Nothing of the town is visible today apart from the semicircular defence wall, but excavations have unearthed well-preserved foundations, roads, cemeteries, shipwrecks and artefacts from near and far. This helped interpret developments in Europe during the Viking age. The Viking Museum Haithabu, near the site, has a collection of original artefacts, rune stones, a royal ship and a reconstructed Viking village. Further inland, the Danevirke Museum is close to the main rampart and fortress of the defence system.
How to get there
7. The Erzgebirge/Krusnohori Mining Region
The Ore Mountains ( Erzgebirge) on the German-Czech border have been mined for metals since the Middle Ages. Today, 22 mining landscapes and sights related to eight hundred years of continuous mining – seventeen of those sites in Germany – are grouped into one international World Heritage Site.

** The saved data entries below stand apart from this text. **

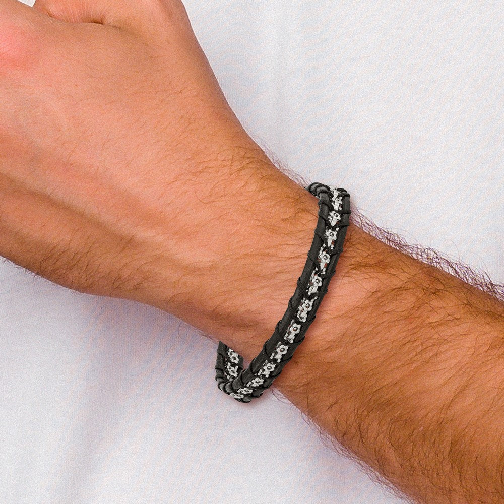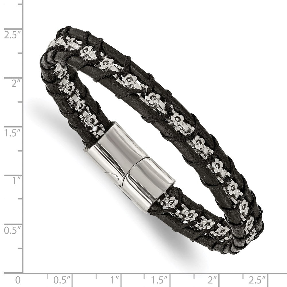 Chisel Stainless Steel Polished Flower Link Black Leather 8.25 inch Bracelet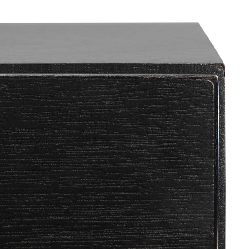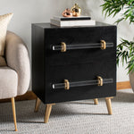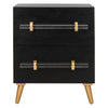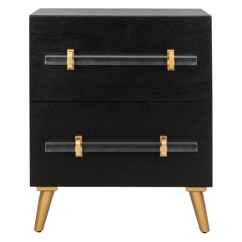 Instantly upgrade any bedroom with this contemporary Bourbon 2-drawer nightstand. Designed with a chic black finish and retro legs, it’s a fresh spin on beloved vintage style. It's mod hardware with gold detail is the perfect accent to its two ample drawers.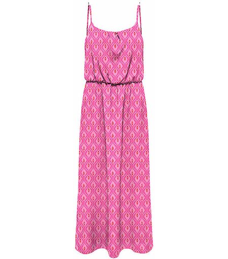 Damen Maxikleid aus fließender LENZING™ ECOVERO™ Viskose Rundhalsausschnitt Verstellbare Spaghettiträger Taille mit elastischen Bündchen Gerade geschnitten Allovermuster Maxilänge Farbbezeichnung: Fuchsia Purple / 656 Vibrant Geo Material: 100% LENZING™ ECOVERO™ Viskose ...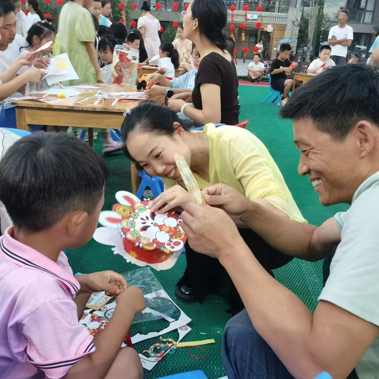 16日下午,在碧桂园小区开展了一场别开生面的兔子灯制作和猜灯谜活动。活动在热心居民公益街舞教学中开场,动感的音乐,明快的节奏,一下就点燃了现场。接着志愿者们将一盏盏色彩明丽、带有灯谜的灯笼挂好,大家相聚在花灯下,有的望着灯谜认真思索;有的豁然开朗开心地拿着谜面去兑换小礼品,有的吃着爆米花、喝着饮料随意溜达,有的闲话家常,其乐融融。那边,志愿者分发兔子灯的制作材料,鼓励居民朋友们着手制作。“先把灯架展开,再把画纸贴在对应位置...”家长一边指导着小朋友一边配合组装,那诞生的一只只“小兔子”,活灵活现、栩栩如生,既温暖和谐了亲子关系也点亮了中秋夜。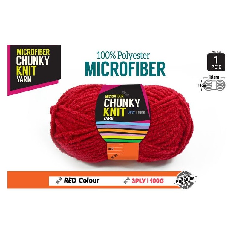Yatsal Microfibre 3-Ply Chunky Knitting Yarn 100 g, Red

Over the centuries, silver, tin, cobalt and uranium were the main ores of interest, their exploitation requiring countless technical innovations and inventions, spanning mining, water management, metal processing and smelting, as well as education, science and finance.
Especially silver brought wealth and change to the region, and for a century the Ore Mountains were the main source of silver in Europe. Many of these heritage sites can be entered, and are set in a lovely mountainous landscape with attractive towns like Annaberg and Schneeberg, and plenty of opportunity for hikes in between mining excursions.